October 4th, 2013    -    5 Comments

wilson2There they were in full-length habit, an unlikely sight on a Sunday morning hiking Mt. Wilson. Out of the blue, three nuns rounded the switchback straight ahead of me. They were coming down; I was heading up. No matter how promising the skies at the start of the trip, the southern trail descends into a merciless sun. They had to be broiling by now.

These suburban mountains lure all sorts of pilgrims on weekends—mostly first-timers, families, and well-meaning health-seekers who are ill-equipped for the incline. One minute you’re strolling in the park and the next you’re crawling up an unforgiving peak. It’s a lot like life: the path is steep. That’s why I’d found refuge in my practice as a Zen Buddhist priest. Zen teaches you to take each moment, like each step, one at a time.

This morning my step was heavy. I’d taken to the hills after an angry talk with my teenager and a tiff with my husband. I was still steaming as I stopped and stood to the side of the narrow path, letting the first two sisters pass.

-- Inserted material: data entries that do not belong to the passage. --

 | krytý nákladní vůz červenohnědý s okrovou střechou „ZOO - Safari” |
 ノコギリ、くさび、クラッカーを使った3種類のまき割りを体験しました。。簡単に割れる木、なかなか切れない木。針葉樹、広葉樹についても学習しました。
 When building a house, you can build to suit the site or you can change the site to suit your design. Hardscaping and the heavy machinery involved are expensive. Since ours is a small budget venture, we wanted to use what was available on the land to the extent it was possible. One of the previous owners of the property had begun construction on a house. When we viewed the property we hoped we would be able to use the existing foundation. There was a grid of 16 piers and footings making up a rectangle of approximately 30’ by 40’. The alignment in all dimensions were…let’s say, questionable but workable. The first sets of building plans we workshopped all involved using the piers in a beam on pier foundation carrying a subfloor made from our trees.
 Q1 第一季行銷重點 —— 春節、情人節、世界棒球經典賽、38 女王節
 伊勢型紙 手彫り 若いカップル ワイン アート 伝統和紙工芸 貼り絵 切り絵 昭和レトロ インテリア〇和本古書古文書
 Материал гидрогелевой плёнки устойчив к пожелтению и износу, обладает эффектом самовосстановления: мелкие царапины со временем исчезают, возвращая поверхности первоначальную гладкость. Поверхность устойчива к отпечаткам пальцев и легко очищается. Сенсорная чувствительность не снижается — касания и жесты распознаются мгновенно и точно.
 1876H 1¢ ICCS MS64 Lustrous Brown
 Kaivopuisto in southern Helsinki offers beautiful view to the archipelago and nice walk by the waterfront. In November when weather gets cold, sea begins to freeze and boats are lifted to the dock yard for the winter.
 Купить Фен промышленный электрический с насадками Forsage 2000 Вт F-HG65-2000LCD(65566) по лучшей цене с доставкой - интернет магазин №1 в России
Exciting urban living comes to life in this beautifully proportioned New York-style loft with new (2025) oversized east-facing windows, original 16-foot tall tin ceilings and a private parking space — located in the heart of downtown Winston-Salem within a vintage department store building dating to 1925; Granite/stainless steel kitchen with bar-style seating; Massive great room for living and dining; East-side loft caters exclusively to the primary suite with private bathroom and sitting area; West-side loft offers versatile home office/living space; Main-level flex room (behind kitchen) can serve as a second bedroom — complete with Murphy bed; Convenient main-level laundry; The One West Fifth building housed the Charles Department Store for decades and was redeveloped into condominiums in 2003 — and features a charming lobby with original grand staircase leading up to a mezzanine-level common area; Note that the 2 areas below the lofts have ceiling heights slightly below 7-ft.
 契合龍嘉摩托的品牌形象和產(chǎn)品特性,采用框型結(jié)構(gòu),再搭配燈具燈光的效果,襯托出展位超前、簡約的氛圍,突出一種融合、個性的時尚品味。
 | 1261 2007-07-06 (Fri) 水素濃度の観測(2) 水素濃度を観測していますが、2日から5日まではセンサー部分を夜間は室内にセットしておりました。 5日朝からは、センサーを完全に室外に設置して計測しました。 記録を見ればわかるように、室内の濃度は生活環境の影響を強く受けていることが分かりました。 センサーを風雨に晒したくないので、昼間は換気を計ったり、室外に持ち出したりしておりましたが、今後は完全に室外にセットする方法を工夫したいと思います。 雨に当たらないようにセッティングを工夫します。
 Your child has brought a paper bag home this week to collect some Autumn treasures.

They were talking and barely took notice, but the third was falling behind and as she approached she said, “So much farther to go.”

“Always farther to go,” I said, and then, struck by the words, went a little further, asking where she was from.

“From the Motherhouse in Alhambra,” she said, taking a card from a rubber-banded batch in her hand and holding it out to me. A meeting on a mountain is not without purpose, and she had come prepared to save someone’s life. Despite our religious differences, maybe that someone was me. I ventured another step.

“What is your name?” I asked.

“Sister Imelda, like Imelda Marcos. Except I don’t collect as many shoes, but more souls.”

We both laughed, and my burden lifted. Two souls meet on a mountain, and although they come from different sides, they close the distance one step at a time.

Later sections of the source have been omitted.